FAQ

Find answers to some of the more frequently asked questions on the Forums.

Forums guidelines

Our guidelines keep the Forums a safe place for people to share and learn information.

Am I alone

B3kki
Community Member

I am so fed up and deflated. 

My heart is heavy. 

I want to cry but nothing comes out. 

I lts hard to breathe. 

I feel like im screaming under water. 

Im tired. 

I don't sleep. 

I don't want to not be here but I have thoughts of tearing myself apart. 

I am the first to always help others no matter what. 

I feel like I'm a ticking time bomb. 

Where do I start? 

2 Replies 2

smallwolf
Community Champion
Community Champion

I'm really sorry to hear that you're feeling this way. It sounds like you're going through a lot and carrying a heavy burden. I will say here that (starting wise) you have made a good start - it takes courage to write here and not knowing the sort of response you might get.

 

I don't know what sort of support network you have?
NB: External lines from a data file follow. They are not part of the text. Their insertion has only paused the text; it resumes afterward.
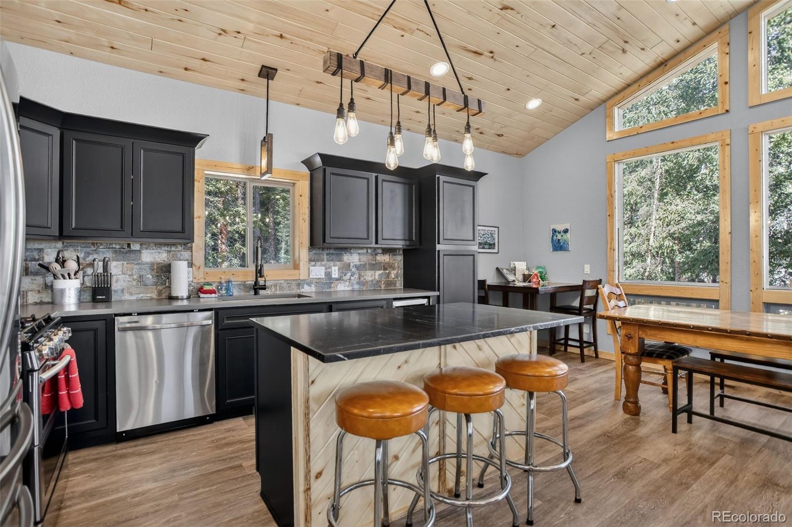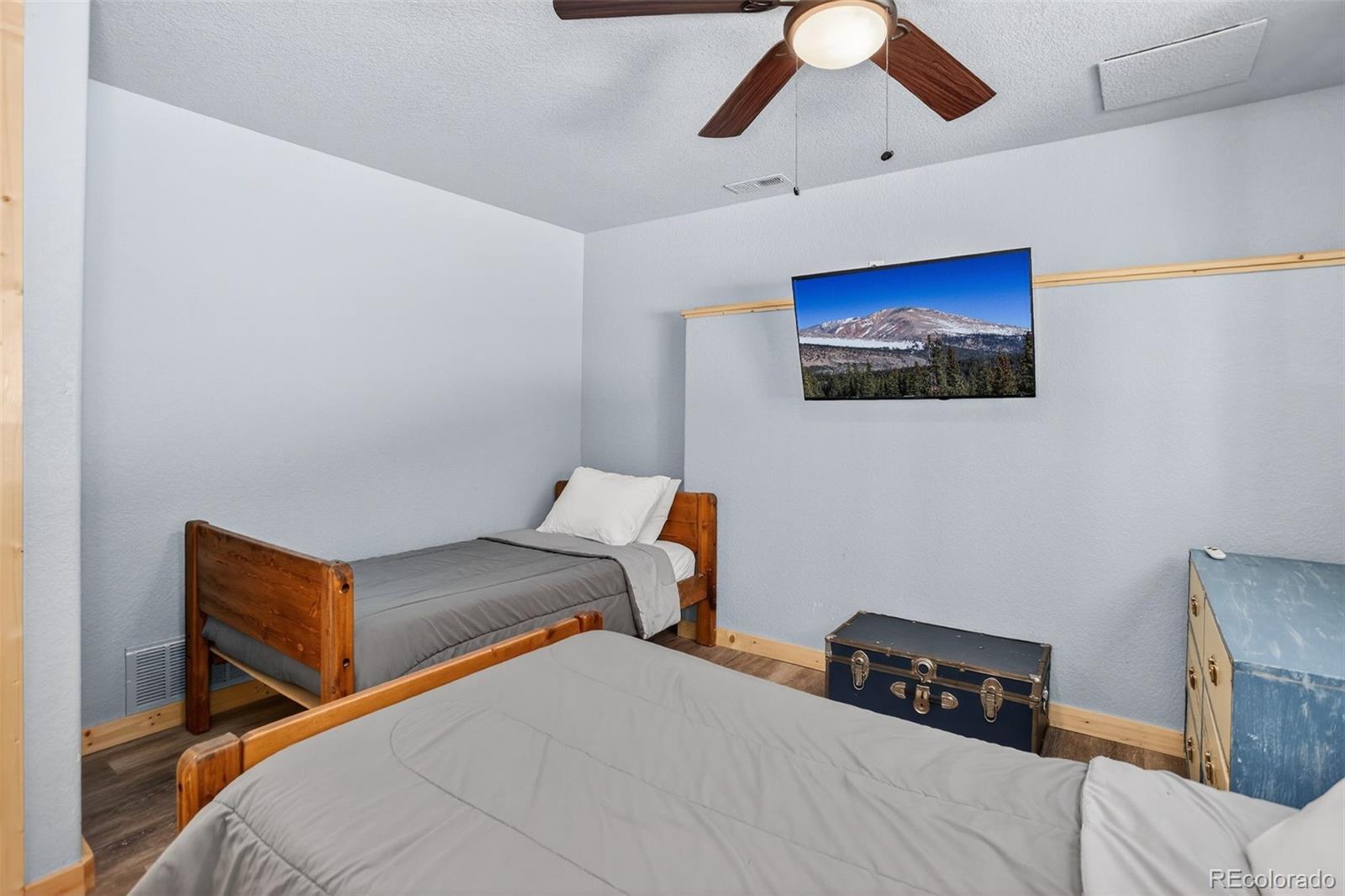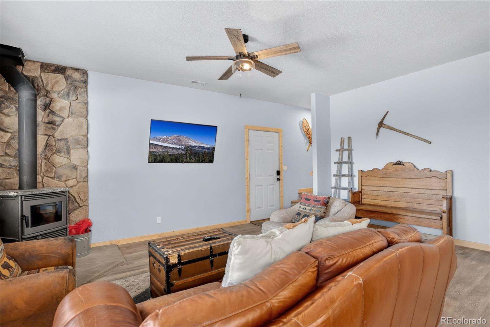 Come to your private mountain retreat in Fairplay CO! Built in 2020, the home shines with pride of ownership throughout. Short term rentals allowed per county guidelines! This charming 3-bedroom, 3-bath raised ranch home sits on 1.12 secluded, wooded acres with abundant wildlife, offering the perfect blend of privacy and convenience. A spacious master bedroom includes a large walk-in closet and a convenient laundry closet with a stacked washer and dryer. The beautifully designed five-piece primary bath completes the master. The main level features a cozy natural-gas log fireplace, and the entry level includes a high-efficiency wood stove for added warmth and comfort. Relax on the expansive 300-plus-square-foot deck and take in the sweeping mountain views. An oversized 2-car garage includes a dedicated utility closet, thoughtfully positioned inside the garage to keep mechanical systems out of the living space. This closet house the forced-air furnace, water pressure tank and instant hot water heater. Enjoy year-round adventure! Park County truly is a Park for all seasons. Cross country skiing, snowshoeing, hiking, biking, hunting, Gold Medal fishing streams and boating reservoirs, UTV and 4-wheel drive trails. Whatever your outdoor passions, you will find it nearby. Frequent music events and festivals for that small town community feel! Only about 40 minutes to Breckenridge Ski Area! The owners' closet under the stairway will be locked for showings, but all furniture throughout the home is negotiable with the sale!
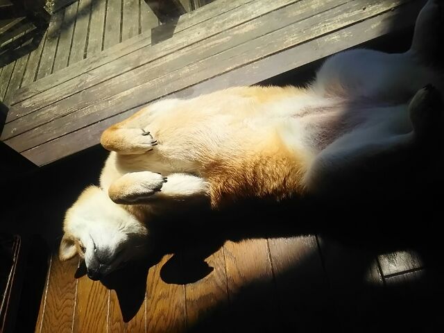 さくらは、暖かくなるとお腹をクールダウン始めます(笑)
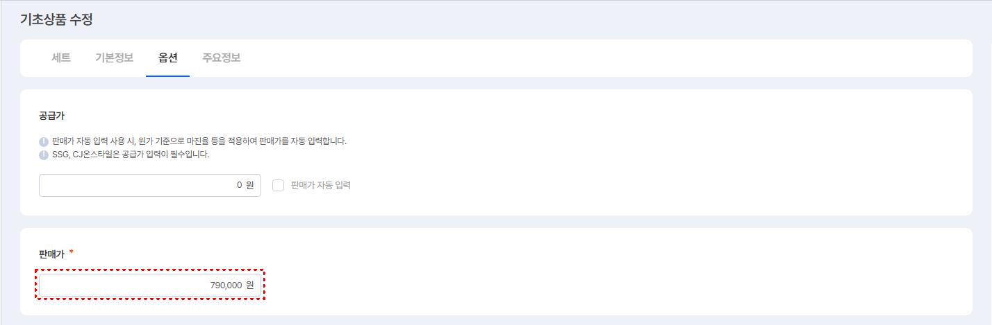 ② [기본정보] 탭의 '상품명' 혹은 '카테고리'를 수정하거나 [옵션] 탭의 '판매가'를 수정합니다.

Perhaps you could reach out to someone you trust like a friend, family member, or a professional. Starting with a conversation can be a good step towards finding the help and guidance you need.

 

Take care of yourself, and know that there are people who care about you. Listening to you...

therising
Valued Contributor
Valued Contributor

Hi B3kki

 

What you're going through sounds so absolutely torturous. While the circumstances vary when it comes to what takes us into the depths of a depression, those who have felt the depths have all found the feeling of heartbreak, along with the question 'How do I go on living (under the circumstances)?'. So much torment in that place.

 

With the challenge of facing the ins and outs of depression, I've come to realise I'm not always aware (at first) of exactly what circumstances have led me there, into the depths. When I come to make sense of the reasons, my thought is always 'No wonder I feel the way I do'. There's always a reason for why we feel the way we do. Some of the reasons you might be able to relate to perhaps, based on some of what you say

  • The feeling of being the raiser of others yet not being raised in significant ways our self. Who raises the raiser of others?
  • The feeling of drowning in a sea of pure exhaustion
  • The feeling of suffocating under too many challenges, which can include an exhausting degree of self analysis (with people leaving us alone to work it all out for our self)
  • The feeling of not having enough energy with which to really feel life with (aka an actual depressing lack of energy)
  • Not being able to see the way forward in a way that feels inspirational and energising. Having no one planting relatable visions of the way forward in our imagination, in order for us to see what begins to excite us, can be a major factor at times. If you are a seer for others when it comes to clearly seeing what what ails them or lies at the root of their problems, what leads them to feel most supported and what leads them to feel raised out of where they are, it isn't unusual for a seer to not be able to see for themself at times. Bit of a mouthful but...most seers will seek out a seer to see for them. Hope that makes sense. I have a few of those people in my life.